Tapi seiring tahun-tahun berlalu, Gunung terkejut menemukan bahwa jumlah makhluk di laut tidak berkurang. Sebaliknya, mereka justru semakin berkembang. Setelah menyelidiki, Gunung terkejut menemukan bahwa Laut, tidak tega melihat makhluk-makhluk itu mati satu per satu, telah membagikan umur kekalnya kepada mereka.
Gunung menjadi murka.
"Hai Laut! Mengapa kau melakukan ini? Dengan hak apa makhluk-makhluk kecil ini layak membagi umur kekal kita?"
Tapi Laut membalas dengan lembut.
"Hai Gunung, mengapa hal itu tidak boleh terjadi? Kau dan aku akan ada di dunia ini selamanya. Membagikan umur kita kepada mereka tidak akan melemahkan kita sedikit pun. Bukankah lebih baik jika dunia gunung dan laut menjadi sedikit lebih hidup?"

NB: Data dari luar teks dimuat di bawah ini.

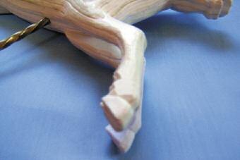 Lastly, add the mane and tail made from thick cotton, wool or thin string. This can be wetted with glue and made to look like a carved mane with a little effort. Lastly glue in the kebab stick so that your horse can be stood up. If you want to give this the appearance of twisted brass then glue on a length of cotton in a spiral and paint it gold.

Gunung itu tak bisa berkata-kata.
Ia memperhatikan makhluk-makhluk yang terus berevolusi di dalam Laut dan mendesah, "Wahai Laut, bukan karena aku pelit. Tapi begitu butiran kecil ini memiliki sesuatu yang bukan milik mereka dari awal, mereka akan secara naluriah mendambakan lebih."
Laut itu balas bertanya, "Apa maksudmu 'dari awal milik mereka'? Umur tak terbatas kita ini, apakah benar-benar milik kita sejak lahir?"
Gunung itu hening.
"...Sepertinya ini adalah perumpamaan sederhana. Namun jika kau gabungkan dengan kisah dewa pencipta dan yang kusaksikan di Infinite Sea, kemungkinan ada misteri yang lebih dalam di sini. Sun Piao Miao..."
Li Fan merenang sejenak, lalu memutuskan bahwa ia harus menemukan buku kuno yang hilang itu.
Namun, saat itu, seluruh Medicine King Sect telah melarikan diri—sebuah tindakan yang dianggap pengkhianatan oleh Ten Great Sects. Markas mereka dengan cepat dijarah dan dirampok. Di tengah kekacauan masa itu, tidak ada yang tahu ke mana buku kuno itu berakhir. Mungkin saja sudah dibakar menjadi abu.
Li Fan pertama-tama memanggil papan batu itu. Meskipun papan itu mengklaim mampu merekam segala yang terjadi di Xuanhuang Realm, Li Fan tahu cakupannya terbatas pada Xuanhuang Realm asli.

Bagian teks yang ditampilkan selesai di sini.